▶ **Task brief**:
Below is a listing to write out in full, exactly as given, without its pictures.

▶ **Supplied information**:
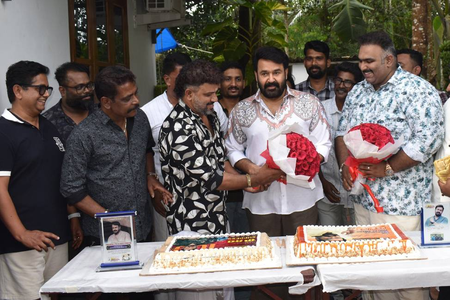 The pictures that the Mohanlal posted showed that the actor had cut a cake on the occasion.
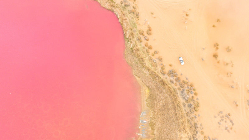 神奇的红海子是发着光的红宝石,那魅惑的红色在金黄色沙漠的衬托下令人惊艳不已,瑰丽鲜艳,仿佛是梦中的世界一般。而这迷人的红,来自于盐湖中密集的卤虫、盐藻等粉色的微生物,这是一种充满了活力的美。
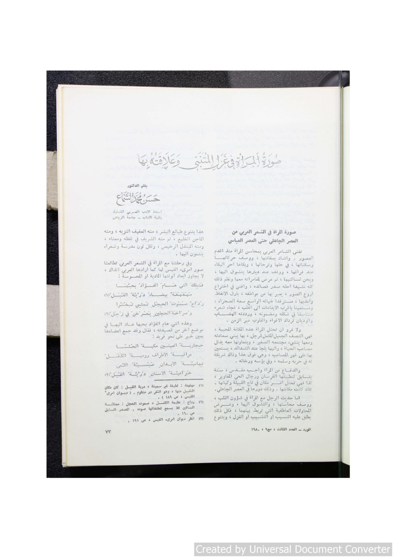 صورة المرأة في غزل المتنبي وعلاقته بها /
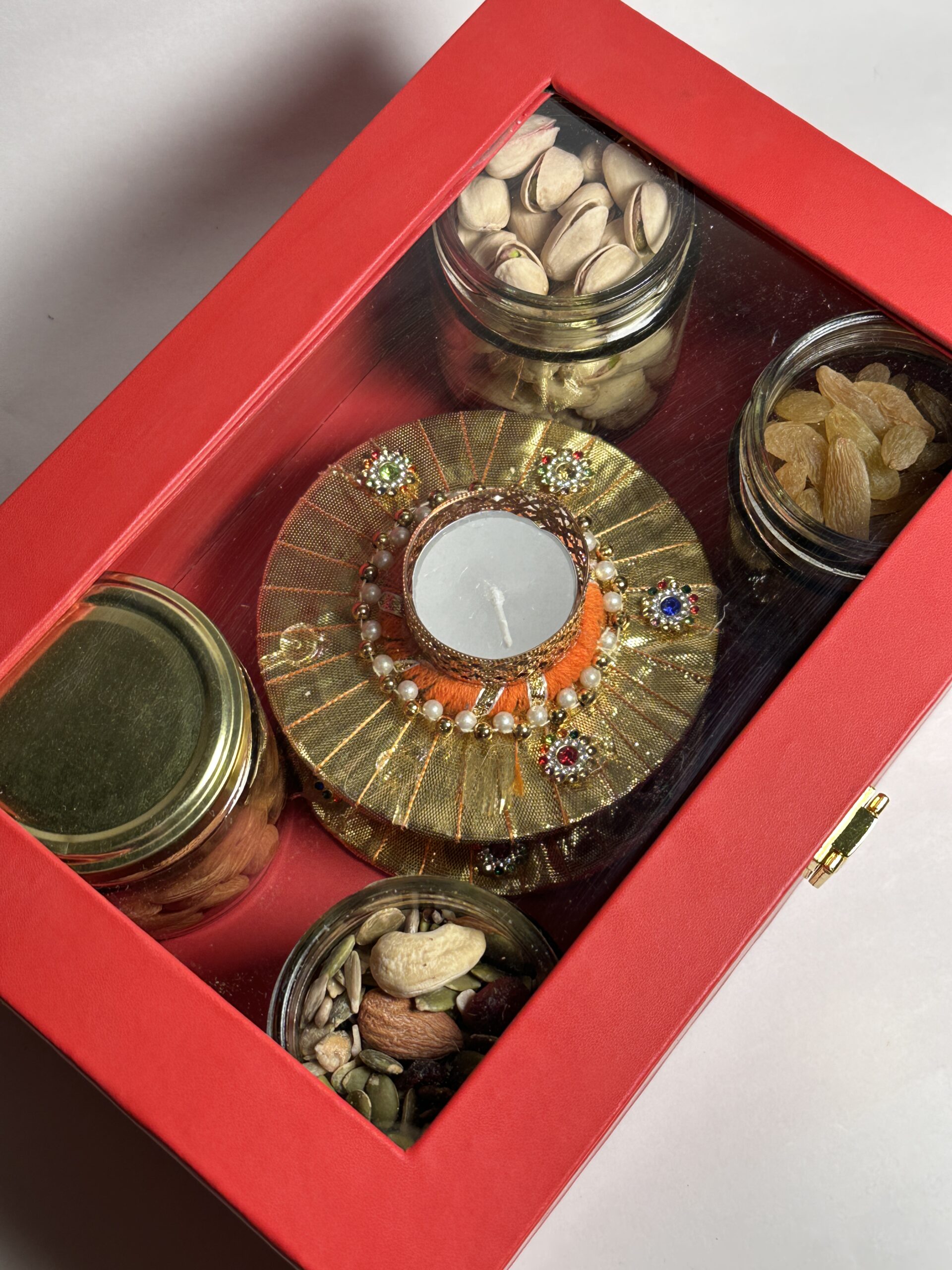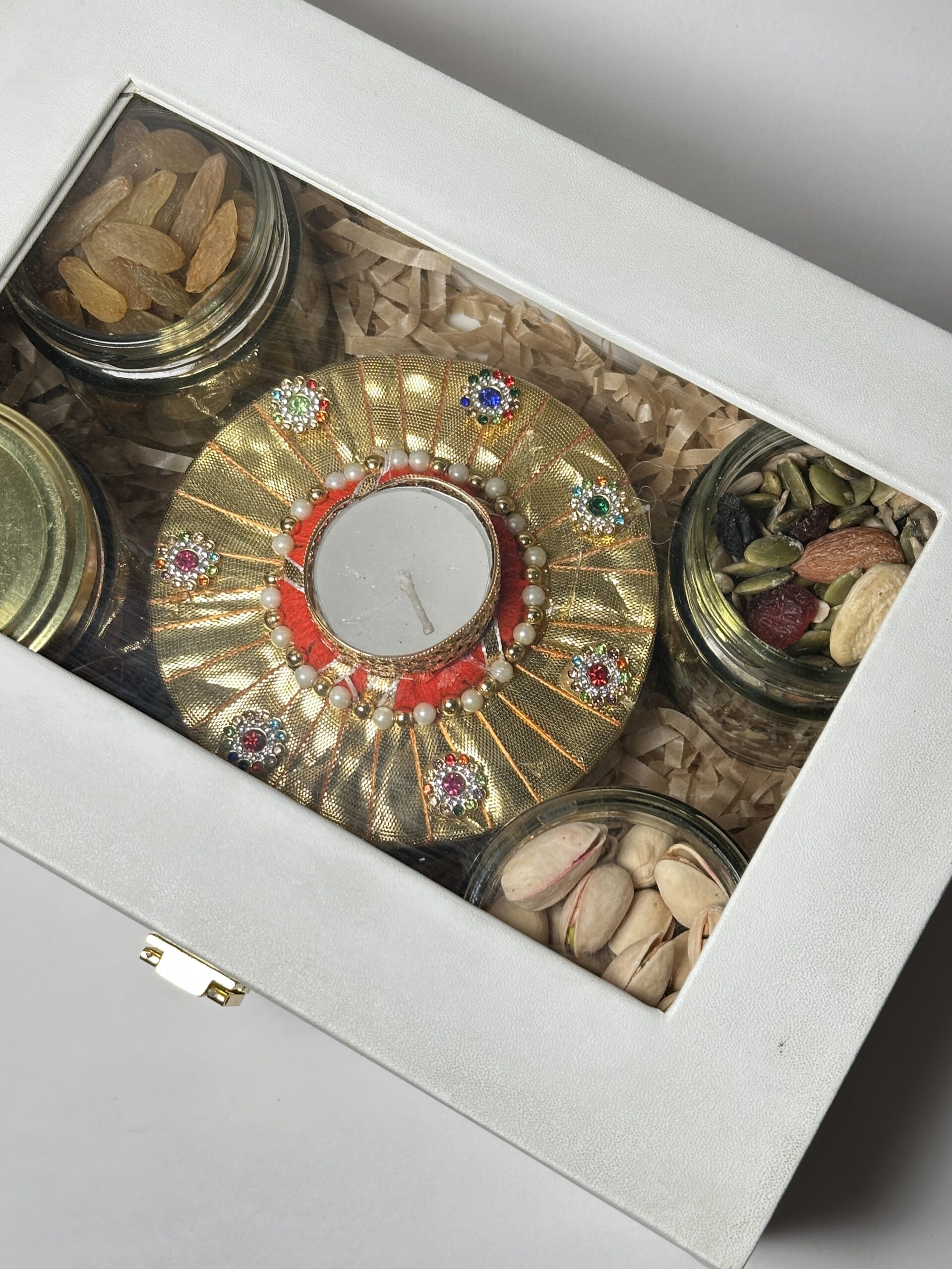 The Leather Box consists of Almonds 115 gm, Pista 85 gm, Raisins 115 gm, Mixed Seeds 120 gm, 2 Diyas

▶ **Response**:
 The pictures that the Mohanlal posted showed that the actor had cut a cake on the occasion.
 神奇的红海子是发着光的红宝石,那魅惑的红色在金黄色沙漠的衬托下令人惊艳不已,瑰丽鲜艳,仿佛是梦中的世界一般。而这迷人的红,来自于盐湖中密集的卤虫、盐藻等粉色的微生物,这是一种充满了活力的美。
 صورة المرأة في غزل المتنبي وعلاقته بها /
 The Leather Box consists of Almonds 115 gm, Pista 85 gm, Raisins 115 gm, Mixed Seeds 120 gm, 2 Diyas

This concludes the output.